On 4/20/13 5:48 PM, Arnold Schwaighofer wrote:
> Hi Shuxin,
>
> We already get this transformation (eliminate the extra loads) even without my patch, GVN does this for us:
>
> C-code excerpt:
>
> mc[k] = mpp[k-1] + tpmm[k-1];
> if ((sc = ip[k-1] + tpim[k-1]) > mc[k]) mc[k] = sc;
> if ((sc = dpp[k-1] + tpdm[k-1]) > mc[k]) mc[k] = sc;
>
> Without my patch we already produce this:
>
> %79 = add nsw i32 %78, %76 << else value
> ...
> %85 = add nsw i32 %84, %82 << if value
> %86 = icmp sgt i32 %85, %79
> br i1 %86, label %87, label %88
>
> ; <label>:87 ; preds = %.lr.ph
> store i32 %85, i32* %80, align 4, !tbaa !0
> br label %88
>
> ; <label>:88 ; preds = %87, %.lr.ph
> %89 = phi i32 [ %85, %87 ], [ %79, %.lr.ph ] << that is your eliminated load
> %90 = getelementptr inbounds i32* %59, i64 %74
> %91 = load i32* %90, align 4, !tbaa !0
> %92 = getelementptr inbounds i32* %32, i64 %74
> %93 = load i32* %92, align 4, !tbaa !0
> %94 = add nsw i32 %93, %91
> %95 = icmp sgt i32 %94, %89
> br i1 %95, label %96, label %97
>
> Best,
> Arnold
>
> On Apr 20, 2013, at 7:24 PM, Shuxin Yang <shuxin.llvm at gmail.com> wrote:
>
>> I'm not going to discuss how to optimize/hack the famous loops in hmmer, I just focus on
>> this transformation.
>>
>> IMHO, this xform is better motivated by the subsequent loads, which is the case in hmmer.
>>
>
>> ---------------
>> if (cond)
>> store val to x ; // x is just a memory unit, dose not necessary has name.
>>
>> ... load from x
>> ---------------
>>
>> =>
>> if (cond)
>> t = val
>> store x = t
>>
>> ... t
>>
>> ------------------
>>
>> by stripping off the condition of the store stmt, we can git rid of the load expr, which
>> seems to be big save regardless the which combination of following conditions take place
>> a)
>> a1 the branch is biased (likely taken)
>> a2) the branch is biased (likely fall-thru)
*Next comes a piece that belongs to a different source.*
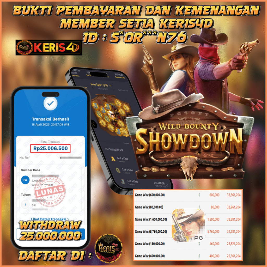 Setiap hari, member KERIS4D berhasil meraih jackpot besar dari berbagai provider slot ternama yang kami sediakan, seperti Pragmatic Play, Habanero, PG Soft, dan masih banyak lagi. Kami secara rutin menampilkan bukti screenshot atau rekapan kemenangan yang berhasil diraih, mulai dari kemenangan ratusan ribu hingga puluhan juta rupiah. Semua slip kemenangan ini kami hadirkan untuk membuktikan bahwa di KERIS4D, peluang menang itu nyata.

>> a3) the branch is balanced
>>
>> b) the load-store unit of the underlying architecture has load-store forwarding capability.
>>
>> if b) dose not hold, it always win as we reduce a expensive load
>> for combination a1 + b, the load request dose not go to cache, however, we still suffer
>> from latency. (FIXME: load-store unit will blindly go through the pipeline).
>> ....
>>
>>
>>
>>
>>
>>
>> On 4/20/13 2:42 PM, Arnold Schwaighofer wrote:
>>> Author: arnolds
>>> Date: Sat Apr 20 16:42:09 2013
>>> New Revision: 179957
>>>
>>> URL: http://llvm.org/viewvc/llvm-project?rev=179957&view=rev
>>> Log:
>>> SimplifyCFG: If convert single conditional stores
>>>
>>> This transformation will transform a conditional store with a preceeding
>>> uncondtional store to the same location:
>>>
>>> a[i] =
>>> may-alias with a[i] load
>>> if (cond)
>>> a[i] = Y
>>>
>>> into an unconditional store.
>>>
>>> a[i] = X
>>> may-alias with a[i] load
>>> tmp = cond ? Y : X;
>>> a[i] = tmp
>>>
>>> We assume that on average the cost of a mispredicted branch is going to be
>>> higher than the cost of a second store to the same location, and that the
>>> secondary benefits of creating a bigger basic block for other optimizations to
>>> work on outway the potential case were the branch would be correctly predicted
>>> and the cost of the executing the second store would be noticably reflected in
>>> performance.
>>>
>>> hmmer's execution time improves by 30% on an imac12,2 on ref data sets. With
>>> this change we are on par with gcc's performance (gcc also performs this
>>> transformation). There was a 1.2 % performance improvement on a ARM swift chip.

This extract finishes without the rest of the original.